**To do:**
Please copy each line of the listing below in which the word "community" appears.

**Input records:**
- - -

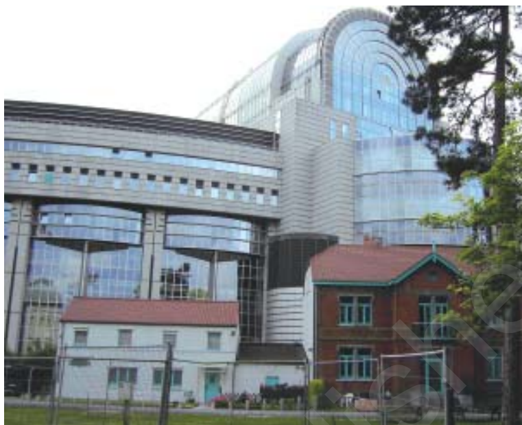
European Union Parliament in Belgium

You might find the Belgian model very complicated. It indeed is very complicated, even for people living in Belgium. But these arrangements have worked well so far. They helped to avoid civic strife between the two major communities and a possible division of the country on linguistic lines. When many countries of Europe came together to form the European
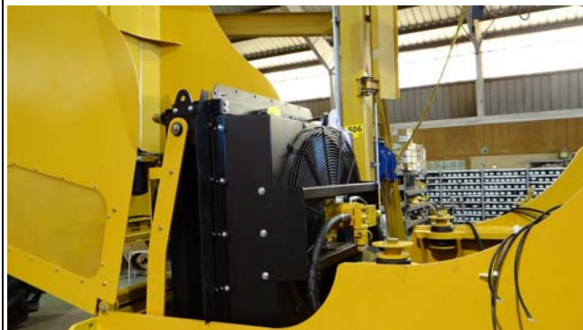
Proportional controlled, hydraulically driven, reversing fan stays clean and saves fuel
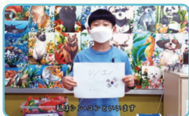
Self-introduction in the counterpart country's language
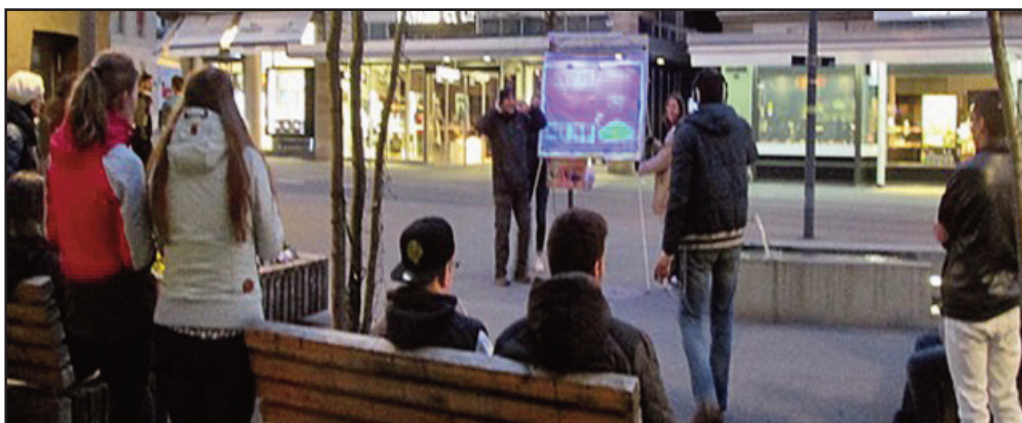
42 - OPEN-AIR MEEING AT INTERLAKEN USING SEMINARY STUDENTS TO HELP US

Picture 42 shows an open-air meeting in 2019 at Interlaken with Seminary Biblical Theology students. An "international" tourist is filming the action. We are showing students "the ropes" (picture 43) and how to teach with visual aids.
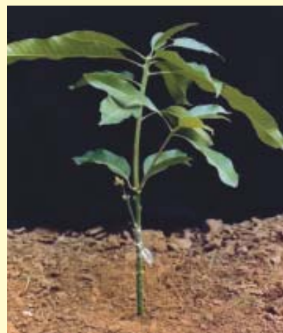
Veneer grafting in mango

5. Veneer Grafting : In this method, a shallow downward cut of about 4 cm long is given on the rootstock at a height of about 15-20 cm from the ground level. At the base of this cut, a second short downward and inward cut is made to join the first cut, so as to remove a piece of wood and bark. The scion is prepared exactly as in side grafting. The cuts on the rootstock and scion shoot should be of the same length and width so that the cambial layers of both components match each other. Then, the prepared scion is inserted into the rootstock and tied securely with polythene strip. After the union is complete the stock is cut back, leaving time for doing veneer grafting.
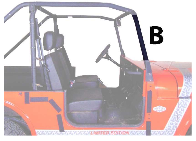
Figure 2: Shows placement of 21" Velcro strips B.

- - -

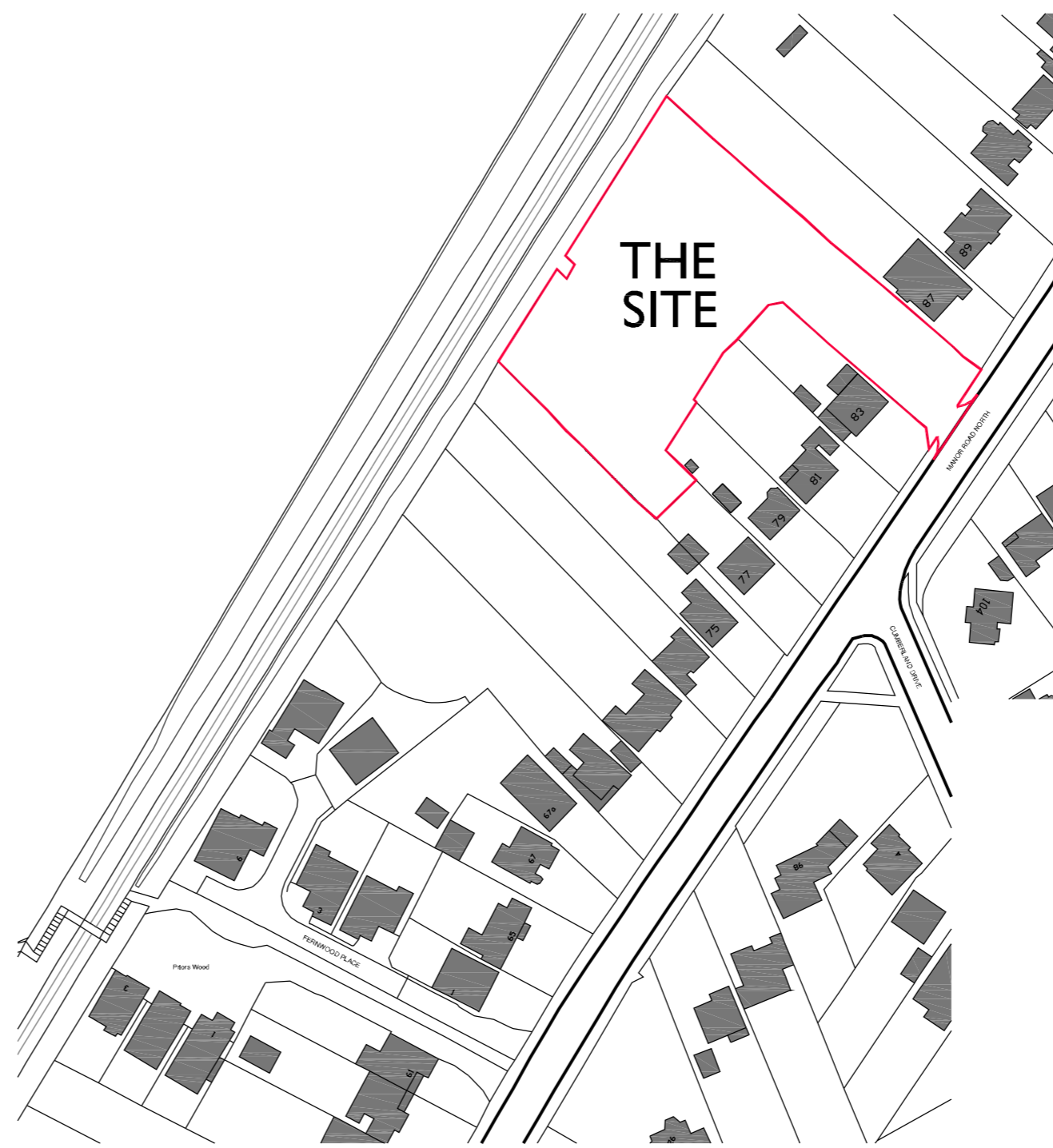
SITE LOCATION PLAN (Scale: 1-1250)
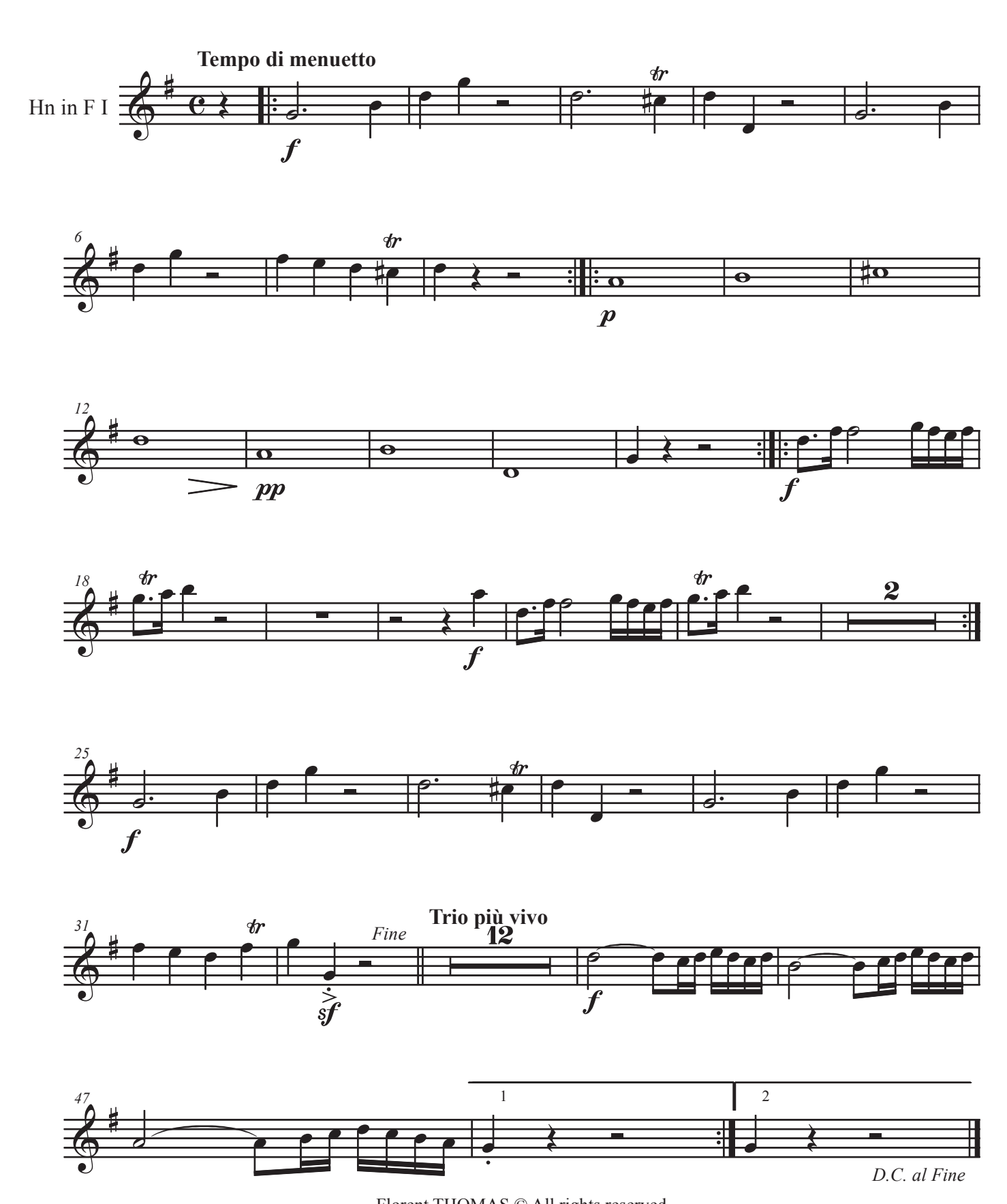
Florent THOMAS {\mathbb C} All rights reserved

- - -

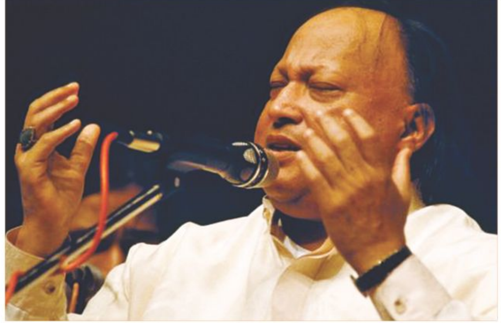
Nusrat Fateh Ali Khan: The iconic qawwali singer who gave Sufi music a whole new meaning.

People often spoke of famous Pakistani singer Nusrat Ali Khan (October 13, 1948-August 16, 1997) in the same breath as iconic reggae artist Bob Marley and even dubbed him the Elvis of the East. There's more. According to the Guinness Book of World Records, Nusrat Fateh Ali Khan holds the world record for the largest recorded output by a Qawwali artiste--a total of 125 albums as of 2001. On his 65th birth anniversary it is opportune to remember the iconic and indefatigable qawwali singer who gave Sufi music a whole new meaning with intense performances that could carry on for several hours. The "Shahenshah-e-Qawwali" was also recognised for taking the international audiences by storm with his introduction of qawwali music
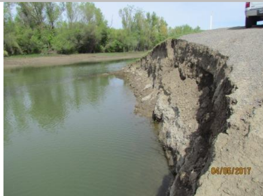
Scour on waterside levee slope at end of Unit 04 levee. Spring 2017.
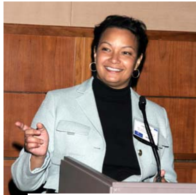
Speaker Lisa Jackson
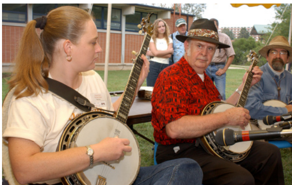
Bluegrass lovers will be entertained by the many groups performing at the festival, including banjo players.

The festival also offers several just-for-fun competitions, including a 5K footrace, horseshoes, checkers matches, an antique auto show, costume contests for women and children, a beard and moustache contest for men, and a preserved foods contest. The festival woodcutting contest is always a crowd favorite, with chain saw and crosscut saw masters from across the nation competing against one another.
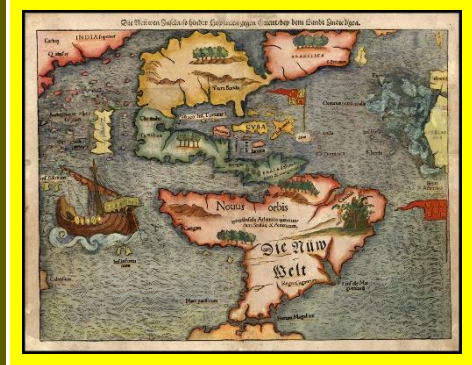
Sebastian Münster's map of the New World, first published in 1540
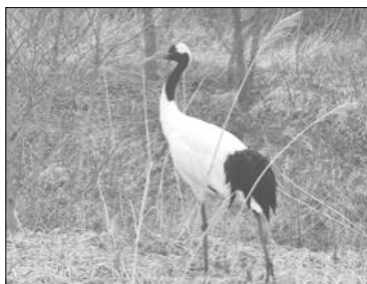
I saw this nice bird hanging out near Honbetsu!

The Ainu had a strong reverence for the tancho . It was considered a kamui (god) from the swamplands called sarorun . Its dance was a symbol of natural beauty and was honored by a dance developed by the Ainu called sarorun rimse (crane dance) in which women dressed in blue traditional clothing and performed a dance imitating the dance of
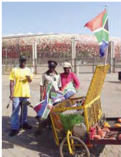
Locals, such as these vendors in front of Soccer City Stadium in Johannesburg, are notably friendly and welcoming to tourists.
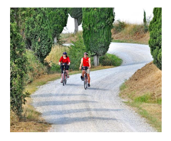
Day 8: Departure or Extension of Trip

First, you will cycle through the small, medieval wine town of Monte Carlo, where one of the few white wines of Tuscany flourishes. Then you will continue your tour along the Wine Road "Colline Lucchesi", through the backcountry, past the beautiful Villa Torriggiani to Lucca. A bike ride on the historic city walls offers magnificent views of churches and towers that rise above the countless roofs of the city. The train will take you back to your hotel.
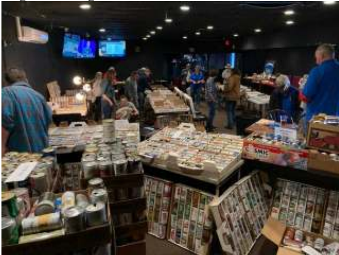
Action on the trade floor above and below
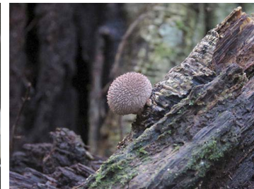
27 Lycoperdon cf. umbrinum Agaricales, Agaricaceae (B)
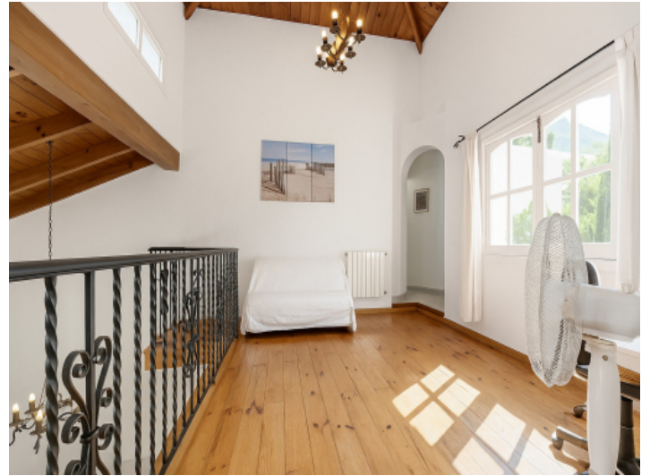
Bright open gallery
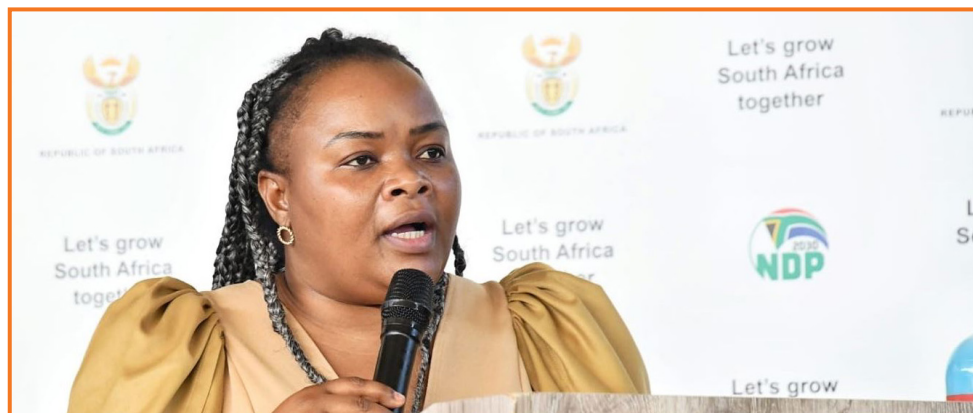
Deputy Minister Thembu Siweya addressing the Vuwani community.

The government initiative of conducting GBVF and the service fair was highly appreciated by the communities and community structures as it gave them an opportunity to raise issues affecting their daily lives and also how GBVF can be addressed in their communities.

- - -

**Expected output:**
Deputy Minister Thembu Siweya addressing the Vuwani community.
The government initiative of conducting GBVF and the service fair was highly appreciated by the communities and community structures as it gave them an opportunity to raise issues affecting their daily lives and also how GBVF can be addressed in their communities.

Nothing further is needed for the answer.